Grounded in the reality of Christ, Christianity offers a vision of an "integral humanism". It seeks to understand both the uniqueness and relational totality of every person. If we are serious about genuine human flourishing, the building of a real culture of life, then persons cannot be reduced to the material even when this is understood in the most complex way. We are spiritual beings who live in transcendence which is expressed in every aspect of our lives and relationships. Each one of us has a purpose, a reason for being; each of us is a unique and irreplaceable gift to the whole of humanity. If we are seduced into the impoverished vision of an "exclusive humanism", how can we create a culture that is genuinely life-giving? If we accept false images of our diminished selves and deny our unique vocation as human beings, then whose servant do we become?
A liberal secular society places great emphasis on personal autonomy. The potential increase or loss of autonomy is often the persuasive argument for or against a particular policy or position. In the birth, death and Resurrection of his Son, God not only presents us with the true image of what it is to be human, he offers us a new understanding of freedom. "Autonomy" can contain an unbalanced equation of freedom and power. When God presents us with his own freedom in the reality of his Incarnate Son, freedom and power are placed in relation to truth, which is love. Without this relation freedom is always in danger of becoming the brutal imposition of an unaccountable will. This is the old determinism that ordains the survival of the fittest and it corrupts all our relationships. Now, as Nietzsche accurately saw, Christianity and its ethic of the Kingdom destabilises this order of the strong, announcing its end. In Christ, God creates freedom, he does not destroy it. God, who comes to us with unexpected humility, is born, lives and dies in poverty, does not choose to overpower us but offers us an utterly new possibility. God does not confront us with a boundary, he presents us with an infinite horizon. He calls us into a deeper freedom and love by giving us the greatest freedom of all: the self-emptying of love beyond the bonds of family, nation and self-interest; beyond the accumulation of wealth or security for the sake of the good, especially the good of those who are the weakest and the most despised, those who have no freedom or power or anything to commend them except that they too are his image. Then, if necessary, to give joyously one's life for them. This is not weakness but a freedom that bestows on us the gift of glory. It is the transcendence which offers us life. In Advent we can begin to see what this may mean.
A secular world wants us to believe its version of our story. It wants us to look at the statistics for "religion" and see there a story of inevitable decline. If this is all we see and how we think, then we ourselves have begun to be secularised. We have been exiled to a strange wintry land where we cannot sing the Lord's song. At the heart of Advent is the figure of Mary. She is the one who attends to the Word and knows that whatever the circumstances, no matter how improbable things may seem, "nothing is impossible for God". Her Advent is both a waiting and an attentive readiness. Like any mother, it is a time of preparation for the child that grows within her. It is a time of learning, especially learning about herself.

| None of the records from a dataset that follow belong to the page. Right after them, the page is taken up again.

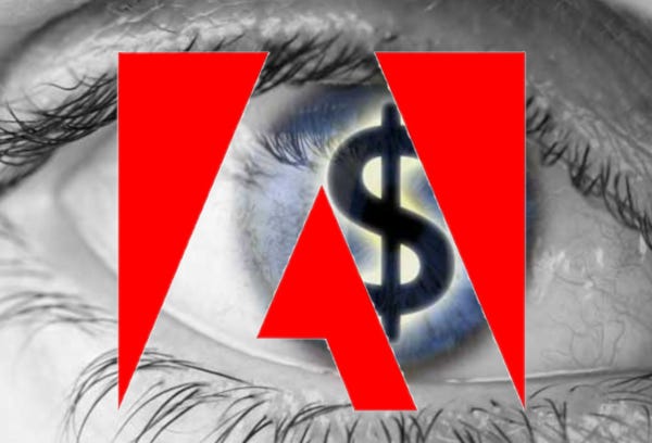 Det er gået viralt på nettet, at Adobe er et slyngelfirma. Det er muligvis ærgerligt for dem, og vi kan 100% regne med, at det har været oppe på direktionsgangen. De sover ikke helt godt om natten. Men vi kan også være 100% sikre på, at den slags firmaer har en indgroet ledelseskultur, der er uforbedrelig. Der bliver ikke talt om, at de muligvis skulle finde en mere etisk og i det lange løb hensigtsmæssigt stil. Nænæ, der bliver talt om, hvorvidt de kan gøre det hele endnu mere smart og fordækt, så folk hopper på den igen.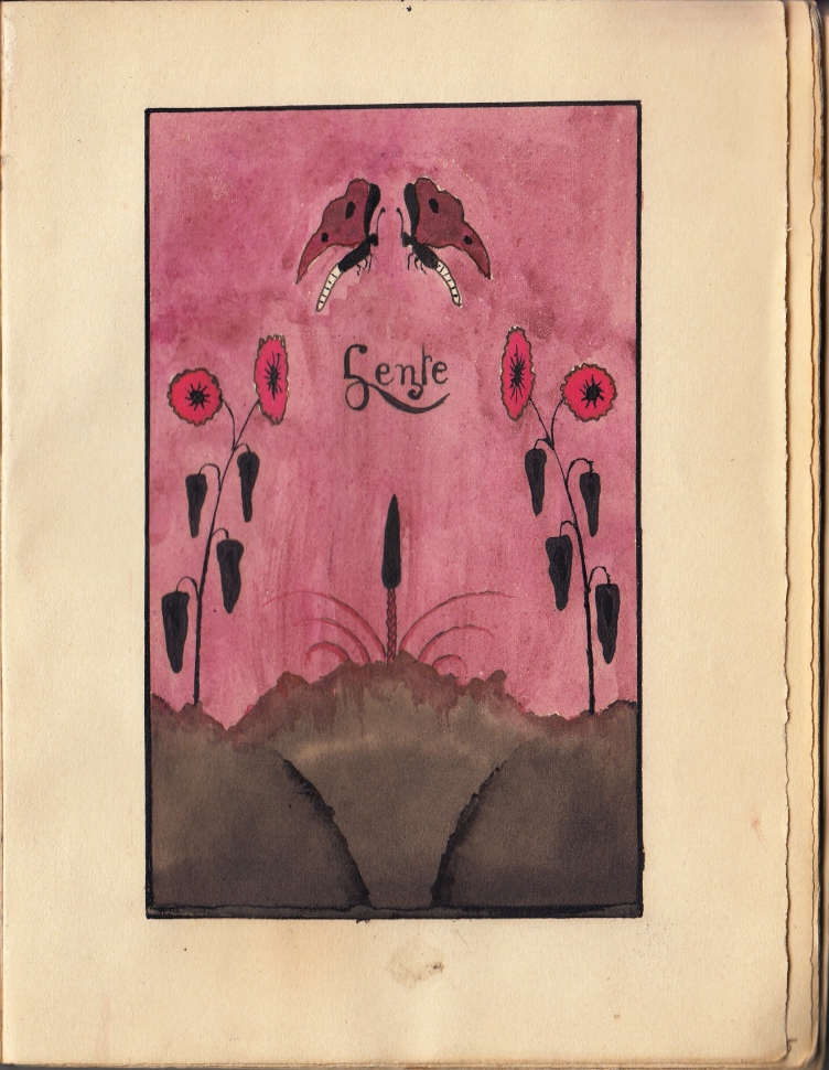 2. BARTELSE, Marinus Van liefde en leven. (85 sonnetten in handschrift met versierde tussentitels). Zelfgemaakt fluwelen bandje. 102 p. Handschrift (rood en zwart), net en regelmatig: foutloos gespeld, zonder doorhalingen, met 4 decoratieve tekeningen in kleurinkt. Bundel van 80 sonnetten verdeeld volgens de seizoenen met getekende tussentitels in kleur, gevolgd door vijf thematische sonnetten, één met erbij geschreven ‘Herinnering Eindex. HBS 1915 Goes’. Aan het eind met veel krullen gesigneerd door de jeugdige dichter, Marinus M. Bartelse, ‘Goes, 30 Sept. 1916’. Voorkant met flinke slijtplek in het fluweel, alsof er een schildje of plakker is verwijderd. Gebruikssporen.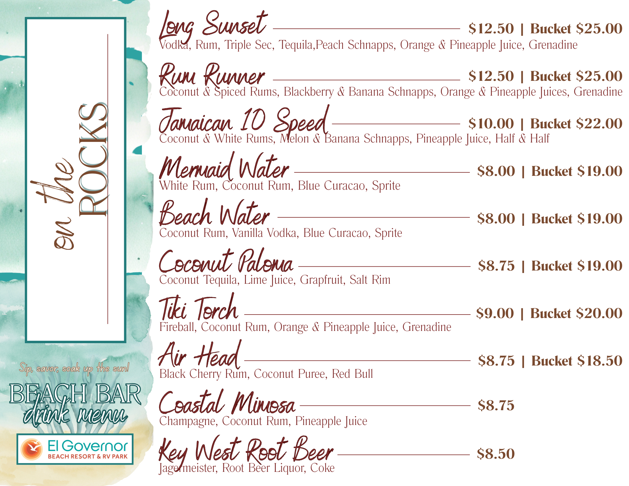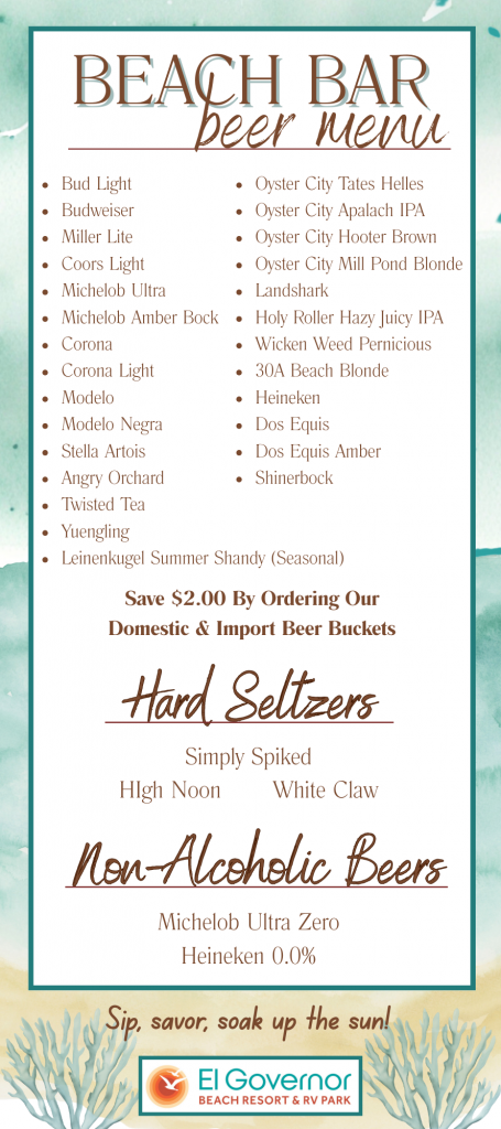 The Tiki Bar at El Governor is located right next to our heated pool and overlooking the beach. We offer a full bar and a great place to watch a game on our flat screen TV’s.

She knows that the life within her is already changing her and her body. So it is with the rhythms of faith and history. The life of the Spirit grows, often in hidden ways when all the signs are contrary. In these times we are not dying or declining, we are being made ready; we are learning anew who we are and what supreme mystery we carry. A secular world can describe us; it may seek to dismiss us, but it does not write our story. It cannot judge the life of the Spirit or the work that God is doing in His people.